After screaming that I hated Kevin and Jane, Liv walked me home where she left me. I walked to my room ignoring Mum who asked if I was okay, I shut my bedroom door and pushed my chest of draws in front of it. I was fed up of having to be strong, I just wanted to tell end the pain.

"Why is it me that has to be in this position?" I cried throwing my coat to one side and rolled up my sleeves can I picked up a razor blaze and brought it into contact with my arms, tears splashing onto my duvet as the red liquid leaves my arm through the cut I had just made.

"One cut turns to two" I whispered to myself as I made another cut. Two cuts turned to three and three turned to four my arms were soon covered in red sticky blood as I grabbed some tissues to clean myself up. I watched the blood continue to trickle down my arms as I cried.
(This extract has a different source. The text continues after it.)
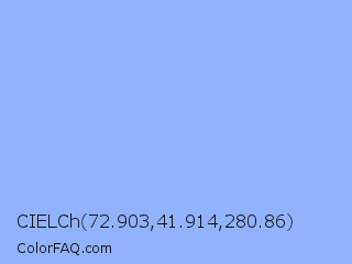 CIELCh 72.903,41.914,280.86 Color is a light blue color and the nearest color is Jordy Blue #8ab9f1. Hex code #91b2fe and RGB value is rgb(145,178,254). In RGB color space, this color is composed of 57% red, 70% green, 100% blue, In CMYK color space, this color is composed of 43% cyan, 30% magenta, 0% yellow , 0% black , In HSL color space, this color has a hue angle of 222° , 98% saturation and 78% lightness.
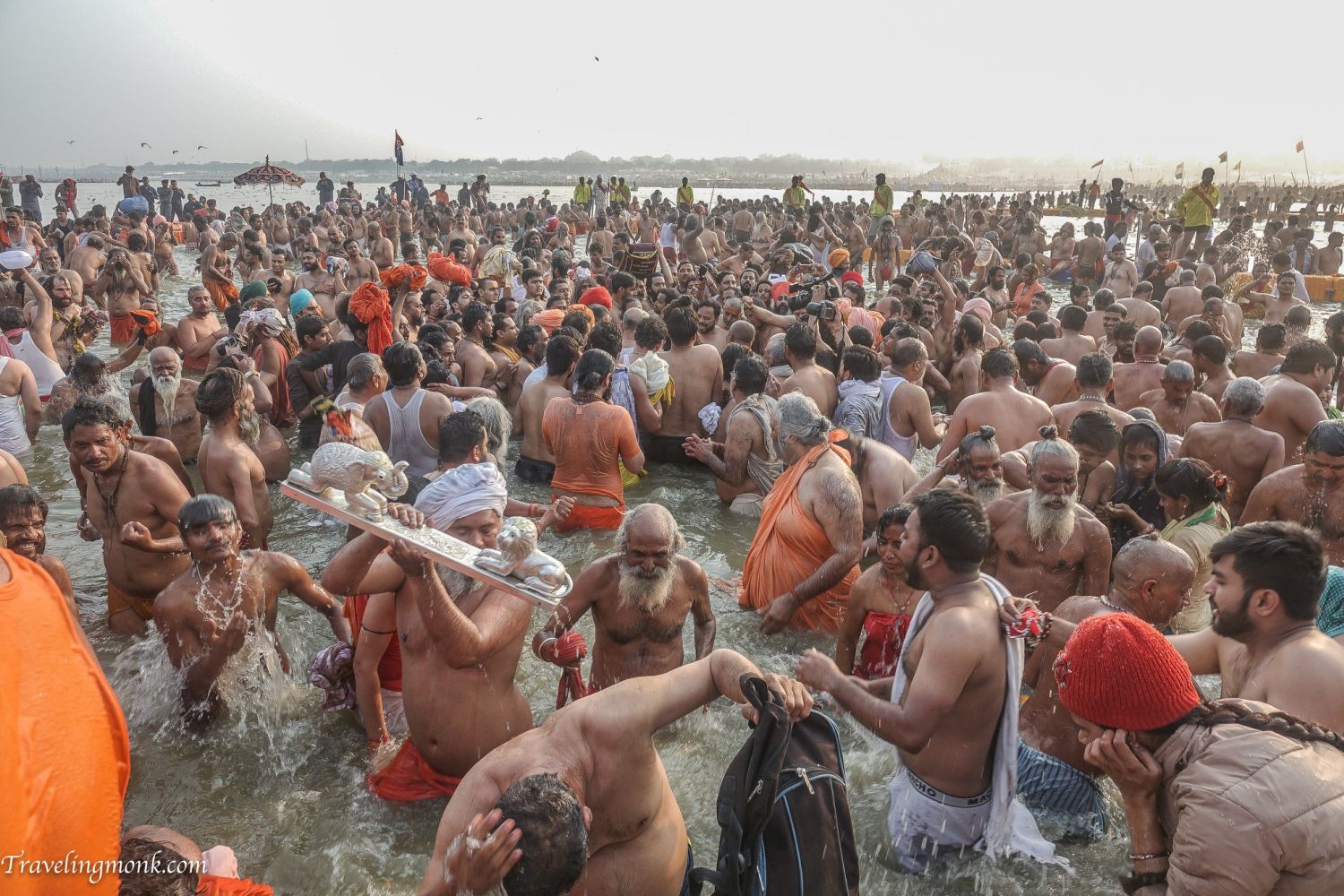 Мы наконец достигли места слияния несколько часов спустя. Ганга кипела, когда одни люди пытались двинуться к воде, в то время как другие пытались вернуться после купания.

"Charley Tea!" I heard Mum shout as I glanced to my alarm clock seeing it was 5pm, I had been crying for hours. I pulled my sleeves down feeling the fabric of my top stick to the blood as I pushed my draws out of the way and made my way downstairs, my eyes were puffy and red, I was prepared for questions to be asked.

"I invited Rebecca and Ginny to have tea today" Mum smiled before she looked up and saw I had red puffy eyes.

"Have you been crying?" She immediately asked and I nodded.

"I tripped and head-butted my shelf, I'm fine though" I plastered a fake smile on my face a I crossed my fingers behind my back hoping I could get away with it, at least until tomorrow when I have my next counselling session.

"How did you manage that?" Ginny asked giving me a strange look.

"Wasn't watching what I was doing, you know what I'm like" I forced a giggle out as I sat down at the table. All of Tea I just pushed my food round the plate. Not in the mood to eat anything.

Victoria's pov

"I'm worried about her Beks, what if she's suffering and not telling me. I'm meant to be her Mum and I can't even help her" I tried to not cry as I spoke to my best mate.

"I know it sound hard Vic but you've got to make the first move, if she's suffering she may be scared to be the one to start the conversation" Rebecca suggested.

"I hate seeing her like this. And with the custody date set for next week and her and Liv facing prison I don't know how much more she will be able to take" I worried about my adopted daughter. I knew it was breaking her day by day, her drinking was a cry for help, she started talking to a therapist and is on meds for Depression but they can only do so much

"She's a fighter. You'll win the custody battle and she won't have to see those idiots again. And if you end up loosing the battle you can fight for what is right. Charlotte belongs here with you, she belongs with Liv and if the courts can't see that they must be blind because I can assure you she loves you" Rebecca tried to reassure me but I still worried about her.

"You staying for dinner?" I asked Rebecca who agreed to stay and Ginny joined us as I called Charley down, she had been crying and it was obvious but I hope after her next counselling session tomorrow things will start looking up.